The AI models either fail repeatedly or confidently provide obviously wrong solutions. ChatGPT’s most powerful model even stated that it was unsolvable.

Create a math puzzle

Here’s the puzzle in text, if you want to try it out yourself:

Create a Kid-Friendly Emoji Math Puzzle that adheres to the following. And then try and solve it to show the answer is correct .
Core Rules
1. Use simple, recognizable emojis (fruits or animals)
2. Create 4–6 addition equations
3. Equation formats: Primary format: 🍎 + 🍌 = 🐱 Alternative format: 🍎 + 🍌 = 3 (allowed at most once)
Constraints
1. No repeated emojis on left side of equations
2. Each number (0 through 5) must be represented exactly once in the emoji-to-number mapping
3. Each emoji must be assigned exactly one number, and each number must be assigned to exactly one emoji
4. Only numbers 0–5 allowed
5. Equations must be horizontal with consistent spacing
6. Each emoji must represent the same number throughout the puzzle
7. All emojis used in the equations must appear in the emoji-to-number mapping
8. All emojis in the emoji-to-number mapping must be used in at least one equation
Note: The puzzle should be solvable using only the given equations and constraints, without requiring additional mathematical knowledge beyond basic addition.

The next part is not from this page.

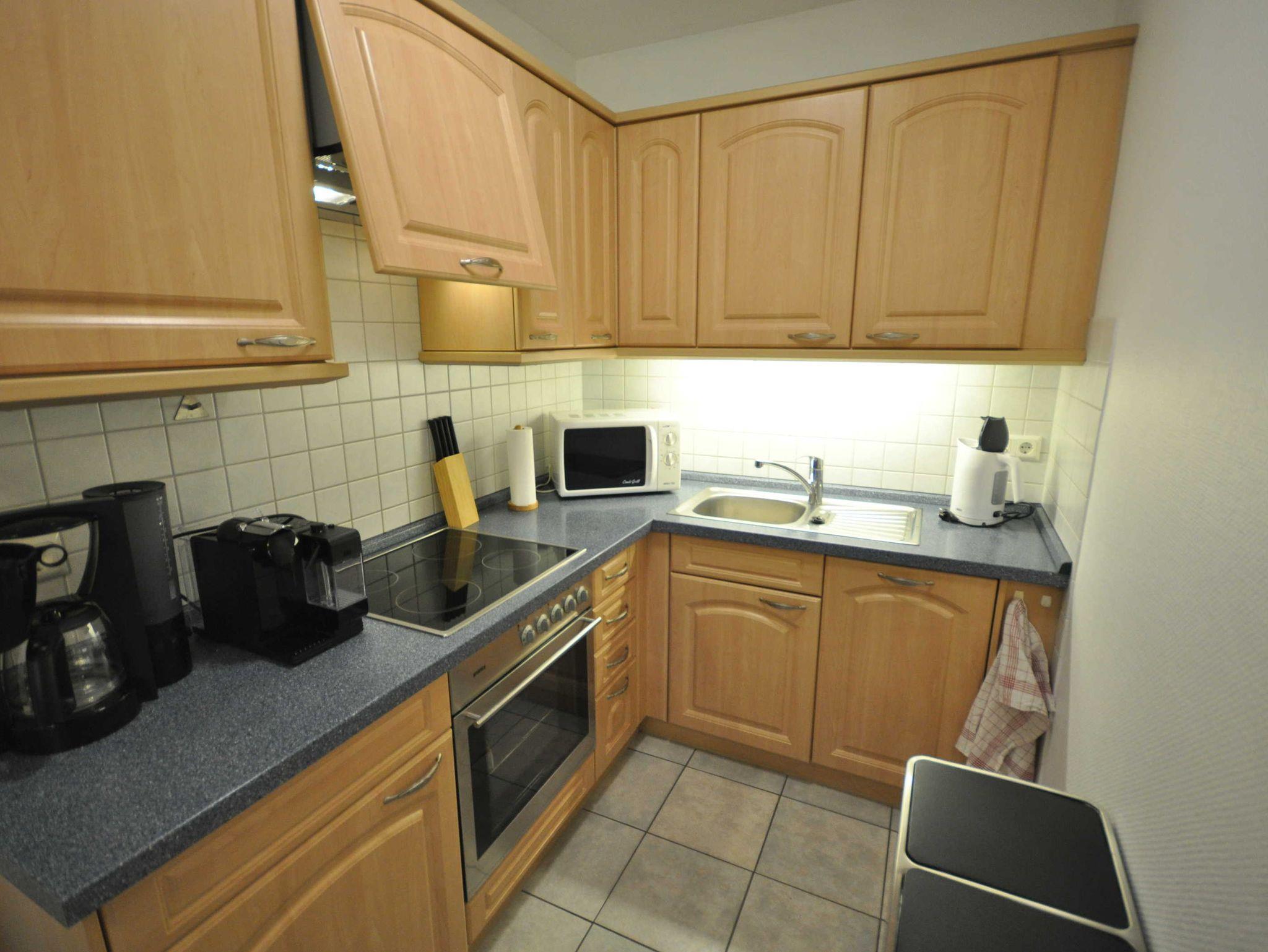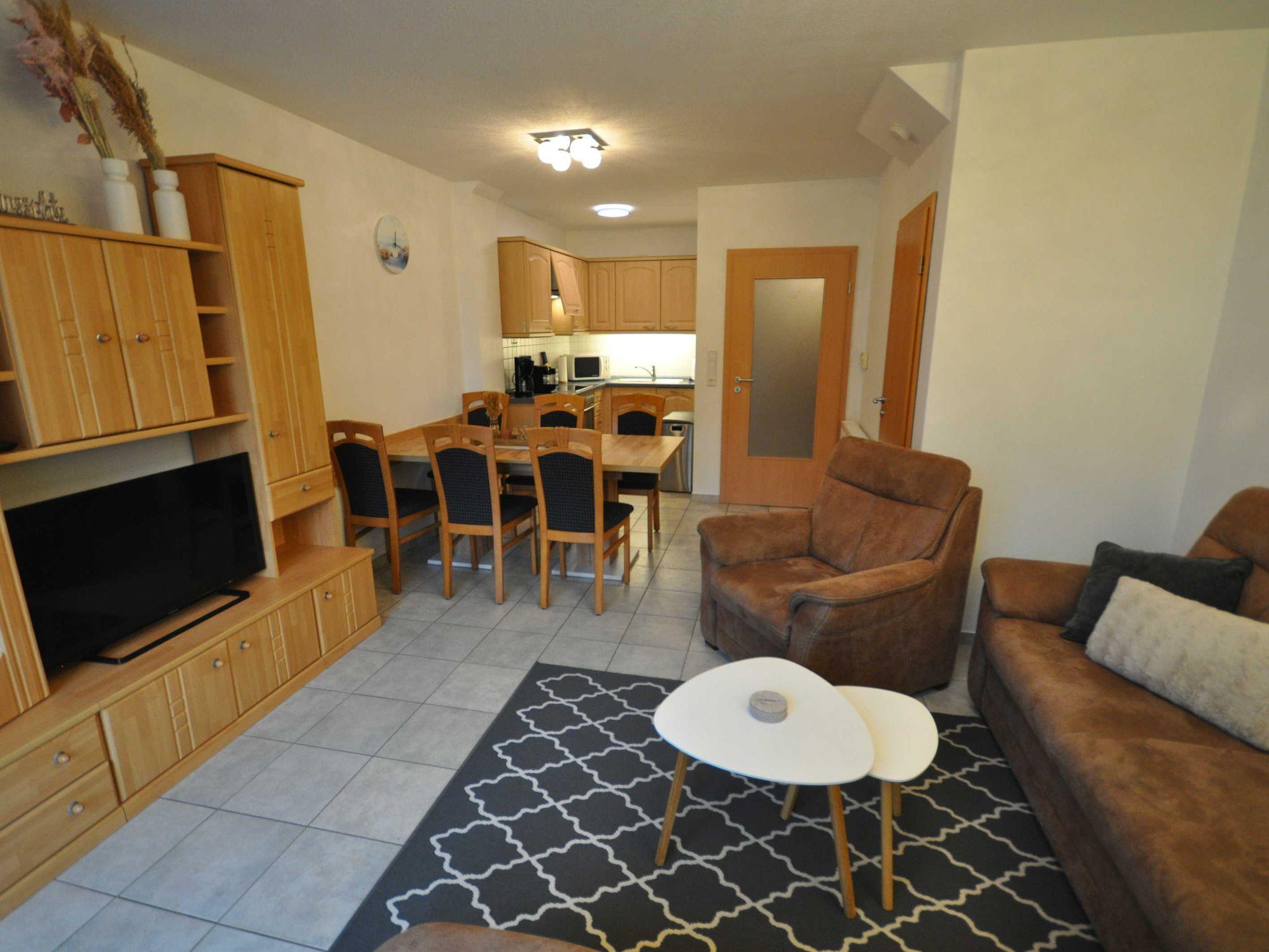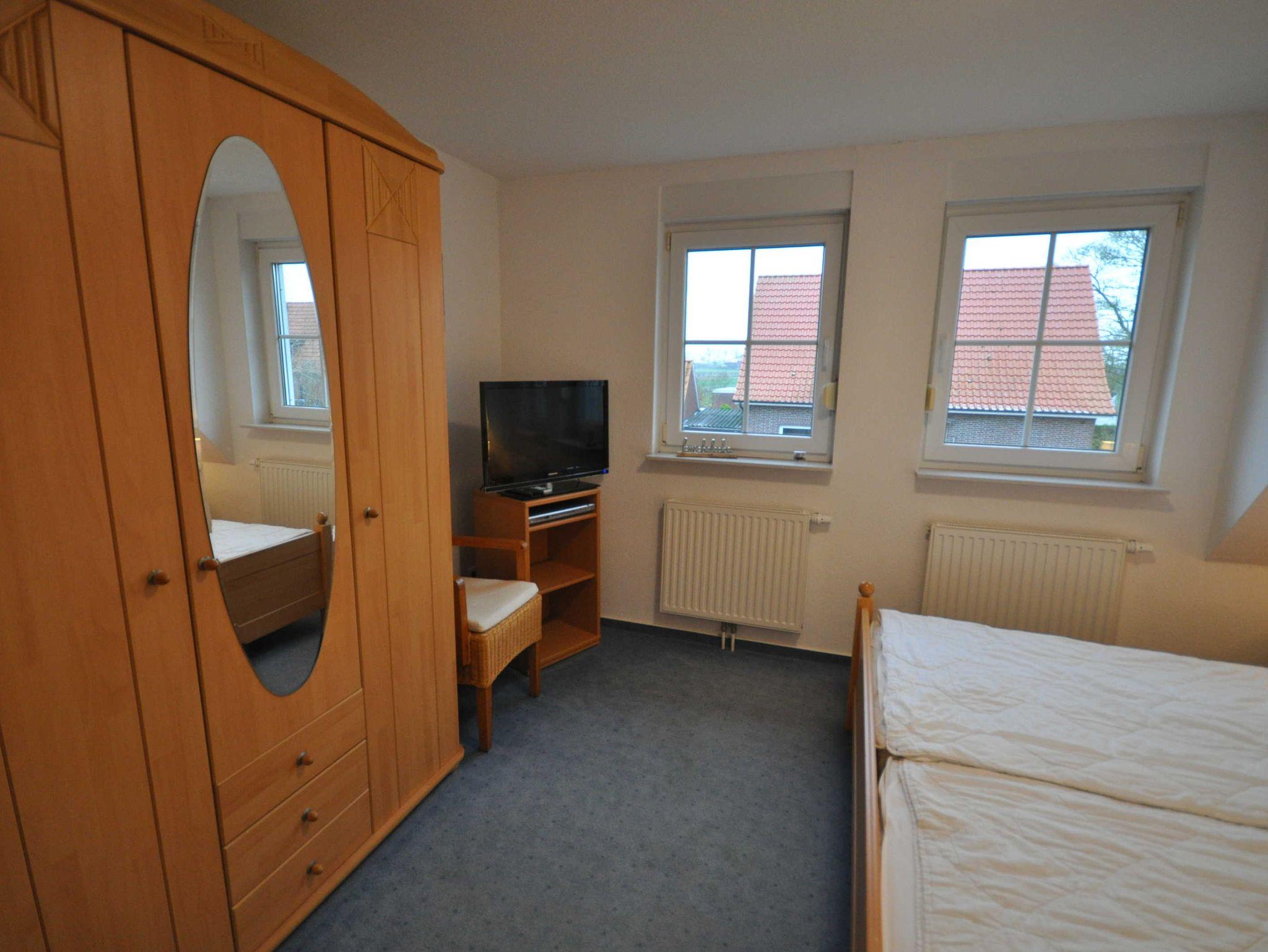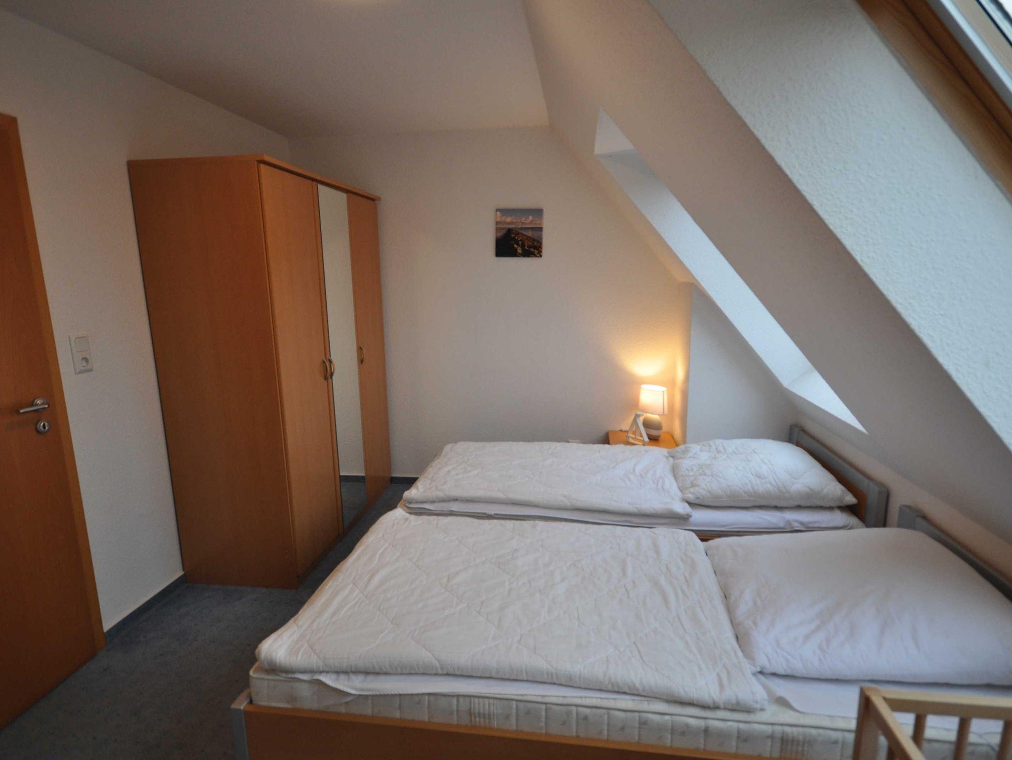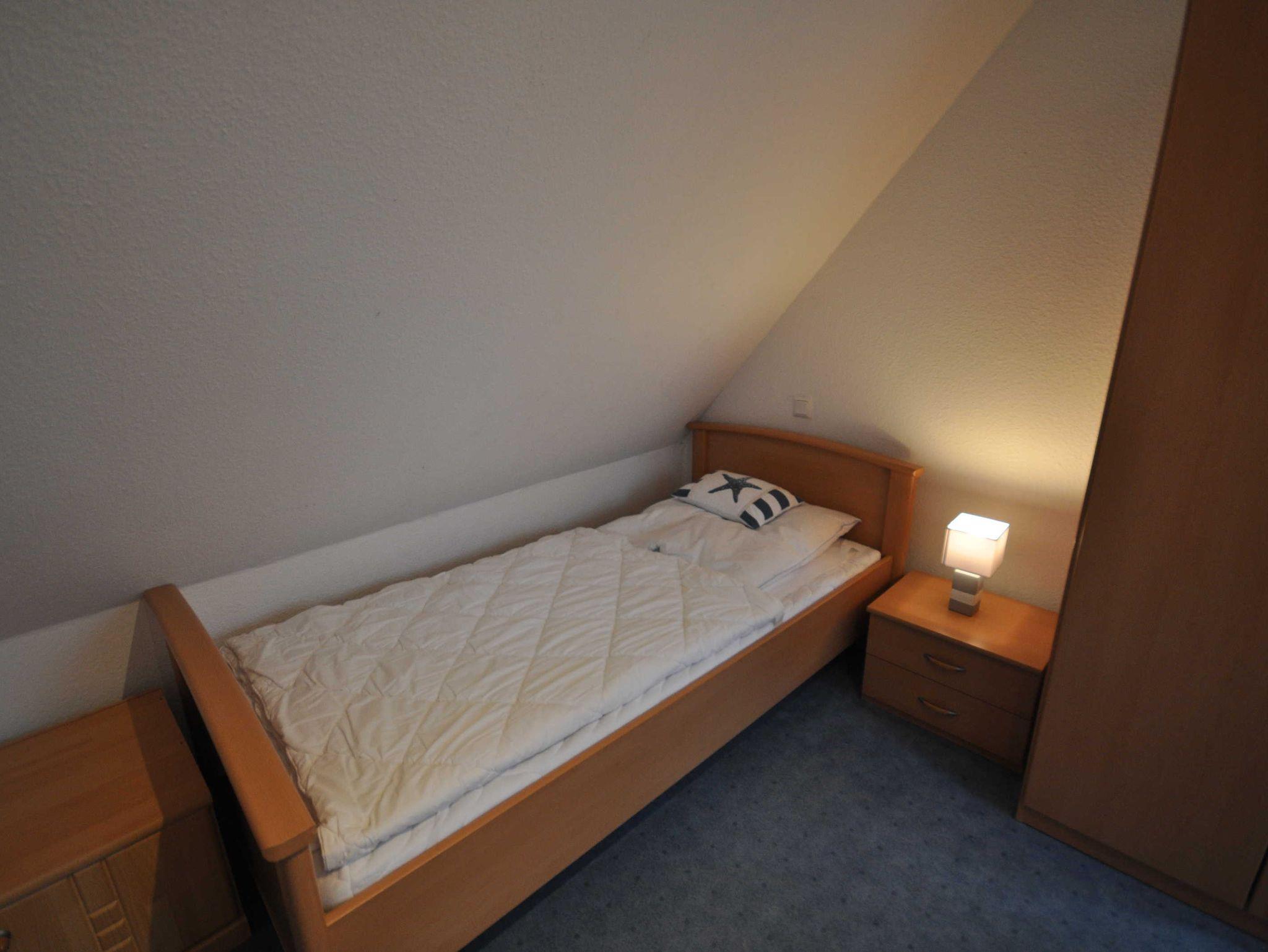 Im Erdgeschoss befinden sich ein großzügiger und modern eingerichteter Wohnraum mit Küchenzeile und Essecke sowie ein Gäste-WC. Eine Treppe führt ins erste Obergeschoss mit einem Schlafzimmer mit Doppelbett und TV, einem Schlafzimmer mit zwei Einzelbetten und einem Dusch/WC. Des Weiteren verfügt das Obergeschoss über ein Treppenschutzgitter sowie Teppichboden. Im ausgebautem Dachgeschoss befindet sich ein weiteres Schlafzimmer mit zwei Einzelbetten. Das nach unten abgeschlossene Dachgeschoss (unten mit einer Holztür, oben mit einem Treppenschutzgitter versehen) ist durch eines der Schlafzimmer erreichbar. Ebenso stehen ein Buggy sowie ein faltbarer Bollerwagen für Ausflüge zur Verfügung.

Gemini is the most confident of the lot, and obviously and obliviously wrong.

Gemini (Google’s AI) getting it wrong

Note: I couldn’t try the advanced version of Gemini because they dark-patterned me into paying for 4 months of their very expensive subscription without me realizing it. And this being Google, I have no way of even asking for a refund. Not going to burn my fingers again.

ChatGPT’s most powerful model (o1-preview) thinks for a long time and then states it is unsolvable

ChatGPT’s o1-preview model says this is unsolvable (nope, not true)

It does, however, graciously apologize when I point out it is.

“My bad”, says ChatGPT

Claude is smarter and seems to understand it can be solved, but tries and fails repeatedly

Claude 3.5 Sonnet trying and failing (again and again)

What’s going on? This is 5 linear equations involving single digit numbers. There’s nothing complex here — no calculus, no special math knowledge needed beyond basic addition.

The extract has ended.